**To do**
The copy should hold exactly the lines below from the one that contains "人口性别结构是指一个国家或地" through the one that contains "令和7年12月17日(水)、" and nothing else, so no pictures.

**Provided material**
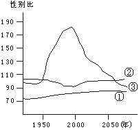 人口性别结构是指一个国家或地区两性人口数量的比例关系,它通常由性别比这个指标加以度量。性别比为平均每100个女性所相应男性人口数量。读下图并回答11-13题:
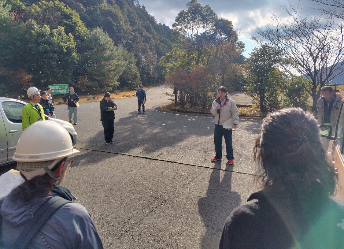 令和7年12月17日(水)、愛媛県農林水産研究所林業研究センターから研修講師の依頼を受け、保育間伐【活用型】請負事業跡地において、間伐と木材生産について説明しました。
--
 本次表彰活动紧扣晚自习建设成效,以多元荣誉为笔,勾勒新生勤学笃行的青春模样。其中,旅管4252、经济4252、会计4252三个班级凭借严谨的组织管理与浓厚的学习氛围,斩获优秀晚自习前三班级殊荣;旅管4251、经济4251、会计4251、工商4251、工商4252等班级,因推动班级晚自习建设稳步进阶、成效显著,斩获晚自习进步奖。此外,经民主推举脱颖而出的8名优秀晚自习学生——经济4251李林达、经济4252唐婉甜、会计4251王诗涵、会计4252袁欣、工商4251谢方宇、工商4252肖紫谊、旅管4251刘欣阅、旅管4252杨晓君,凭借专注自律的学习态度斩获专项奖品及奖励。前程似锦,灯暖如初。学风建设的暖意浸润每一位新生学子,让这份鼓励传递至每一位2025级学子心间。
...
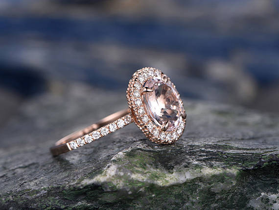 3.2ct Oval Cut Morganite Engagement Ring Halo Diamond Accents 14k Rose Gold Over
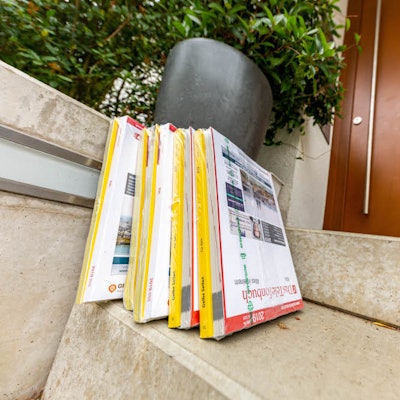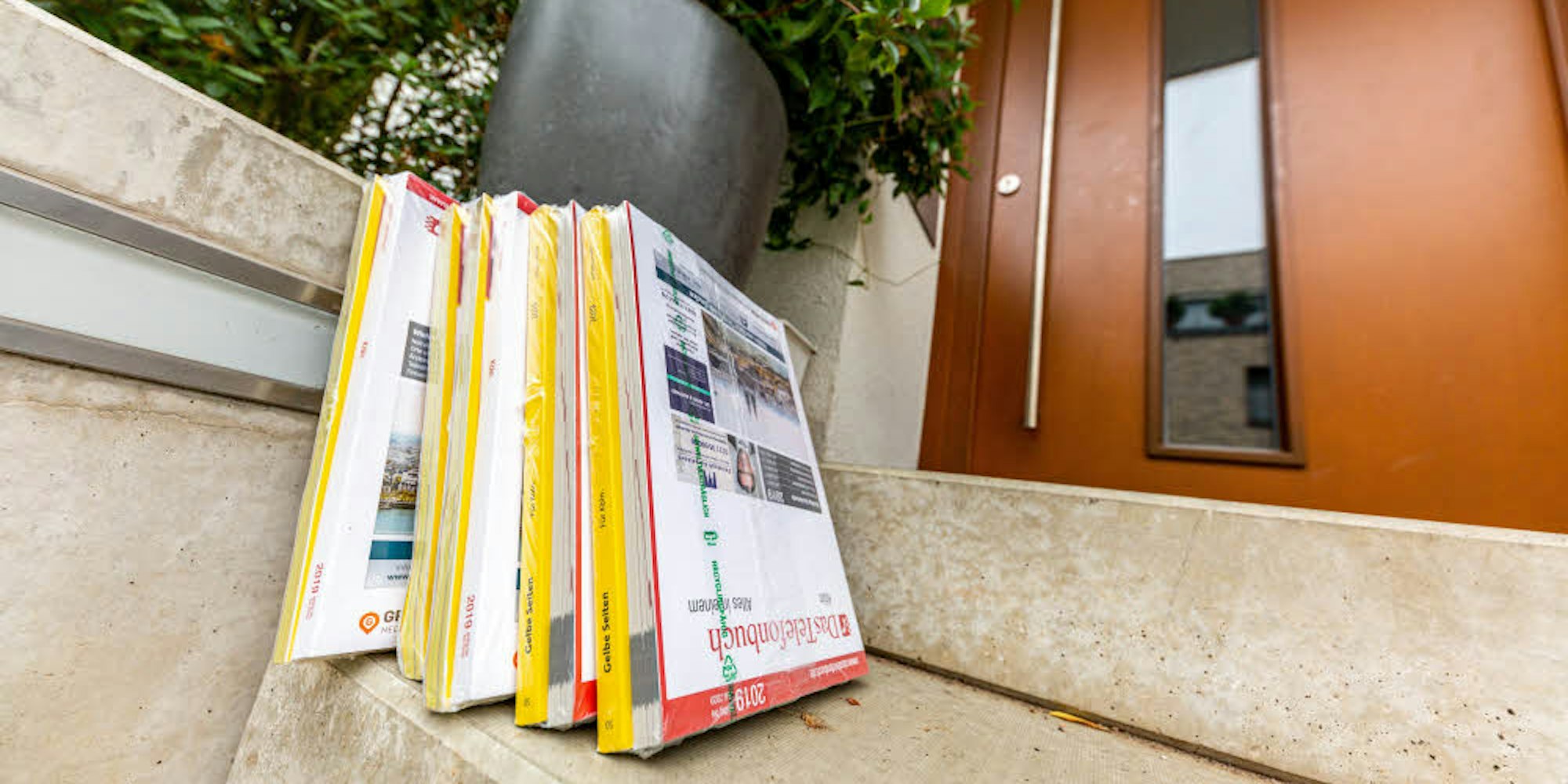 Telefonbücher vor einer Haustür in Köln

**Answer to this problem**
 人口性别结构是指一个国家或地区两性人口数量的比例关系,它通常由性别比这个指标加以度量。性别比为平均每100个女性所相应男性人口数量。读下图并回答11-13题:
 令和7年12月17日(水)、愛媛県農林水産研究所林業研究センターから研修講師の依頼を受け、保育間伐【活用型】請負事業跡地において、間伐と木材生産について説明しました。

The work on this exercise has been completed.